The mobilization was also an opportunity for association activists to recall their firm opposition to the “tax privileges” granted to owners of furnished accommodation using tourist rental platforms “like Airbnb, which in many places in France and Paris, dry up and make disappear normal rental housing”. In some boroughs, the share of apartments affected by such announcements represented a double-digit percentage before the covid-19 crisis. In 2019, the town hall of Paris estimated that 20,000 the number of multi-owners using the platform across the capital. Last July, the DAL had also accompanied residents to obtain the conviction of a real estate agency for an illegal Airbnb rental in the 20th arrondissement.
“Housing brings in a lot of money to the State and to communities”, recalled Jean-Baptiste Eyraud, citing the figures of “78 billion euros in revenue against 37 billion euros in expenditure for housing” in 2020 “What the Housing for All platform is asking for is that we devote 2.2% of GDP to housing”, a level that has not been reached since 2012. For the DAL spokesperson, “We should even do a lot more. If we want to pull out all the stops and properly house the entire population, we would not only have to massively build social housing, instead of private housing, Airbnb housing, but we would also have to requisition empty housing. There have never been so many vacant homes belonging to wealthy owners”.

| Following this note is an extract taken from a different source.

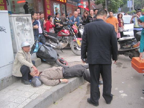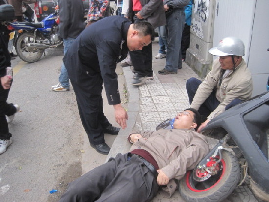 3月27日17時(shí)50分,在梧州市新興二路國(guó)恒電器商場(chǎng)對(duì)出非機(jī)動(dòng)車(chē)道,一名騎電動(dòng)車(chē)的年輕男子突然倒地,口吐白沫,抽搐休克,疑似癲癇病發(fā)作。大塘派出所接警后,所長(zhǎng)莫林清與協(xié)警鐘澤明迅速趕到現(xiàn)場(chǎng),發(fā)現(xiàn)該男子不省人事,馬上撥打120請(qǐng)求救護(hù)車(chē),并配合醫(yī)護(hù)人員把男子送往市紅會(huì)醫(yī)院救治。

Nearly 18,600 dwellings were “permanently vacant” in Paris at the end of 2020. In the capital, only 80% of dwellings are “occupied all year round by households for whom it is their main residence”: in fact, 9% are second homes, and 11% are considered vacant. According to other data, those of INSEE, the Île-de-France region has around 400,000 empty homes, including nearly 117,000 in the capital alone: more than forty for each of the 2,600 people at the street identified in Paris during the Night of Solidarity in January 2022.
Regretting the recent media frenzy around miscellaneous facts, and the “brick communication campaigns claiming that tenants who remain in their homes after receiving leave are squatters”, Jean-Baptiste Eyraud fears today a toughening of the legislation aimed at favoring owners. “Behind, they are preparing amendments, laws, to deport immediately, to deport faster. Yet these are achievements that we have obtained; they forget to say that the State, when it does not evict immediately, it compensates the landlords”. Faced with a more than worrying economic situation for a growing number of households, and faced with the many shortcomings of the public authorities in order to put an end to the shortage of affordable housing, particularly in the Île-de-France region, the Housing for All and All platform calls more than ever for a “stop to evictions” of tenants.